Él no me contestó, el silencio de la noche se apaciguó y poco a poco la habitación se llenó de luz; las cortinas no fueron suficientes para alargar la noche. Él tampoco pudo dormir y ni siquiera lo intentamos. A la mañana siguiente supe que debía partir, el sueño nos estaba consumiendo.


Mi madre estaba sentada en la misma silla de mimbre en que la que nos despedimos el día que partí a la universidad. Con ese vestido de un color que no sé descifrar, supongo que era verde oliva pero el detergente, el restriego y el frío lo destiñeron hasta convertirlo en eso, en un estropajo sin color. No notó mi presencia, permanecí en la puerta con mi maleta aún en la mano observando el vestido largo y viejo que se balanceaba al compás de la silla mecedora de mimbre. Y mi madre allí sentada frente a la ventana sin cortinas.
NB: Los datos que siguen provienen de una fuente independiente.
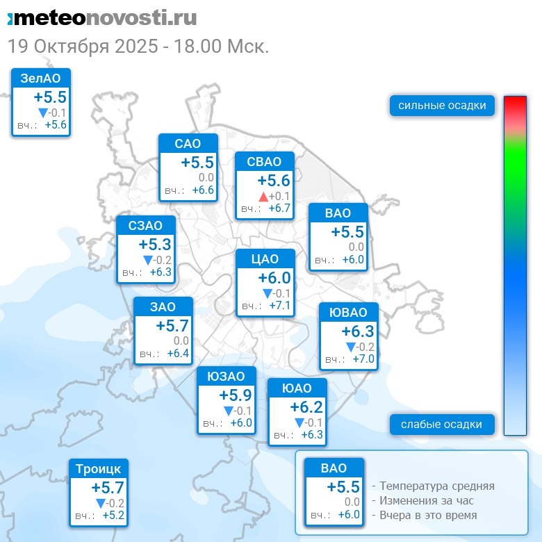 В 18:00 в Москве было от +4.9°C до +6.5°C, средняя температура +5.8°C #погода #Москва #осень #температура #19октября #воскресенье Перейти на сайт Прогноз погоды на 14 дней
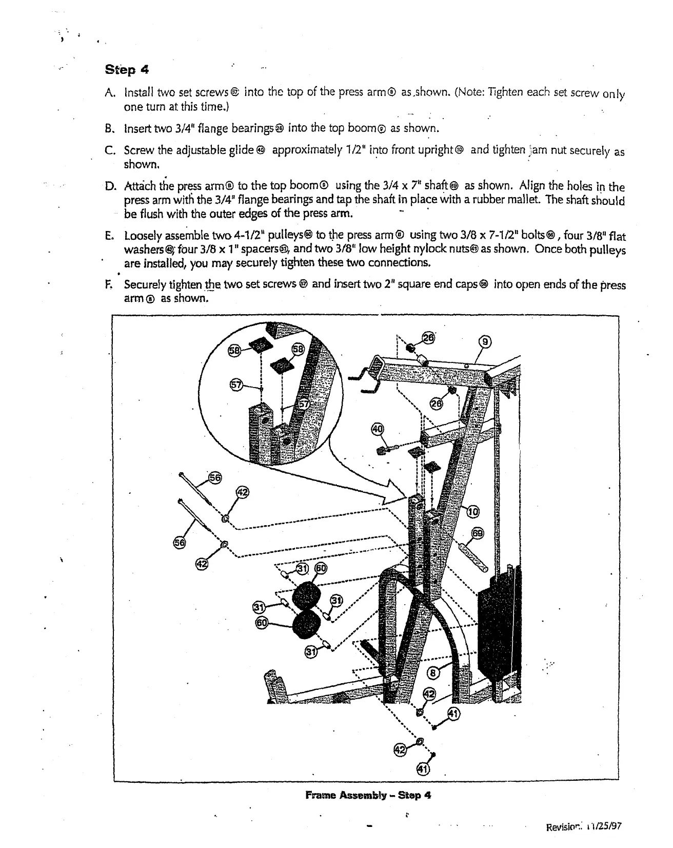 Attach tt~e press arm@ to the top boom@ using the 3/4 x 7" shaft@ as shown. Align the holes in l:he

Siempre ha odiado las cortinas, no sé por qué, pero le gusta espiar las gardenias y mirarlas crecer y morir, morir y florecer y crecer para volver a morir.
- Vittoria – dije finalmente.
Hablé casi susurrando y apoyé la maleta como quien apoya un bebé recién nacido en su cuna. Desde pequeño he visto alguna especie de magia en ese silencio de mi madre sentada mirando al jardín, como su refugio prohibido en el que nadie tiene permitido entrar, sólo ella y sus ventanas sin cortinas. Pero ya no tengo 10 años, ya no uso frenillos en los dientes, ya no espero la mesada de mi madre, ya no creo en Papá Noel, mi momento preferido del día ya no es la hora del postre. Ya no tengo reservado el derecho a preguntar por-qué a todo. Entonces no le preguntó por qué te pasas todo el día sentada allí, mamá. Ya no se lo pregunté de pequeño y hoy no se lo puedo preguntar, ya perdí esa oportunidad. Además creo que si lo hubiera hecho a los 10 años me hubiese contestado porque sí y yo hubiera tenido que sonreír con mi sonrisa estúpida de frenillos verdes y morados.
- ¿Mamá? – insistí.
Se volteó rápidamente con los ojos muy abiertos y el ceño fruncido. Se mantuvo así por unos segundos. Estaba vieja como su vestido, pálida como el paisaje desde su ventana, muy delgada. Por un instante no nos reconocimos pero pronto ella se levantó y corrió a abrazarme.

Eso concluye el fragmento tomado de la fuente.